Project 0: Becoming Friends with Your Camera
The goal of this project is to get some intuitive understanding of the somewhat subtle relationship between perspective, focal length/zoom, and the center of projection.
Overview
In this class, we want you to become friends with every pixel. The first step toward this goal is to become friends with your camera—e.g., the one in your smartphone. In particular, the goal of this project is to get you some intuitive understanding of the somewhat subtle relationship between perspective, focal length/zoom, and the center of projection.

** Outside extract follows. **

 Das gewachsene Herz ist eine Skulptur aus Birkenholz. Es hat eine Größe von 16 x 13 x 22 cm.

Part 1: Selfie: The Wrong Way vs. The Right Way
Take a picture of your friend (or yourself) from close up. You get a typical distorted selfie image. Now step back several feet from your subject, zoom in, and take a second picture. Try to get the face in the second photo to be the same size as in the first photo. If you've done things right, the second portrait should look much better than the first one.

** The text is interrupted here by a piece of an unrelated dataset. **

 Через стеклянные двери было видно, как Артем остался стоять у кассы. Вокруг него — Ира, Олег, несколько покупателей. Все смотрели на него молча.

Part 2: Architectural Perspective Compression
Let's repeat the same procedure in reverse, for an urban scene. Pick a nice view down a long street (or a walking path on campus), zoom in, and take a photo. Now, walk down the street in the direction of your first shot, and take a second photo without zoom, such that the scene in the two photos appears approximately the same size. The first picture should look flattened, or compressed, compared to the second.


Part 3: The Dolly Zoom
In this part, we will be duplicating a classic film effect called the dolly zoom. It is a camera movement also known as the "Vertigo shot", after a famous scene in Hitchcock's Vertigo. The idea is to simultaneously move the camera back while also zooming in.
I set up a scene and took 12 still photos while moving the camera back and zooming in, keeping the flowers and vase roughly the same size. The stills were then combined into an animated GIF file to create the dolly zoom effect.